Effect of f -element complexation on the radiolysis of 2-ethylhexylphosphonic acid mono-2-ethylhexyl ester (HEH[EHP]).

A systematic study of the impact on the chemical reactivity of the oxidising n -dodecane radical cation (RH˙ + ) with f -element complexed 2-ethylhexylphosphonic acid mono-2-ethylhexyl ester (HEH[EHP]) has been undertaken utilizing time-resolved electron pulse radiolysis/transient absorption spectroscopy and high-level quantum mechanical calculations.
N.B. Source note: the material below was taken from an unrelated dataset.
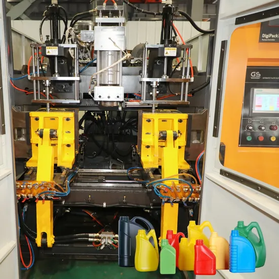 GS-5L-II double station machine is different from the single station machine in that it has one additional station with high-precision linear guide. The same as the single station machines, it can be used to produce a wide variety of materials, such as PE, PP, etc. The largest capacity of the product can be 5L, and its production capacity is 60 to 70% more than the single station machine. In accordance with different type of products, die heads can be changed to achieve multi-type production MACHINE ADVANTAGES
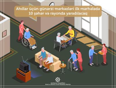Trend-in məlumatına görə, Sərəncamın icrası işləri çərçivəsində Əmək və Əhalinin Sosial Müdafiəsi Nazirliyinin sosial xidmət sifarişləri əsasında ilk mərhələdə 10 rayonda ahıllar üçün günərzi xidmət mərkəzlərinin yaradılması nəzərdə tutulub.

Lanthanide ion complexed species, [Ln((HEH[EHP]) 2 ) 3 ], exhibited vastly increased reactivity (over 10× faster) in comparison to the non-complexed ligand in n -dodecane solvent, whose rate coefficient was k = (4.66 ± 0.22) × 10 9 M -1 s -1 . Similar reactivity enhancement was also observed for the corresponding americium ion complex, k = (5.58 ± 0.30) × 10 10 M -1 s -1 . The vastly increased reactivity of these f -element complexes was not due to simple increased diffusion-control of these reactions; rather, enhanced hole transfer mechanisms for the complexes were calculated to become energetically more favourable. Interestingly, the observed reactivity trend with lanthanide ion size was not linear; instead, the rate coefficients showed an initial increase (Lu to Yb) followed by a decrease (Tm to Ho), followed by another increase (Dy to La). This behaviour was excellently predicted by the calculated reaction volumes of these complexes. Complementary cobalt-60 gamma irradiations for select lanthanide complexes demonstrated that the measured kinetic differences translated to increased ligand degradation at steady-state timescales, affording ∼38% increase in ligand loss of a 1 : 1 [La((HEH[EHP]) 2 ) 3 ] : HEH[EHP] ratio system.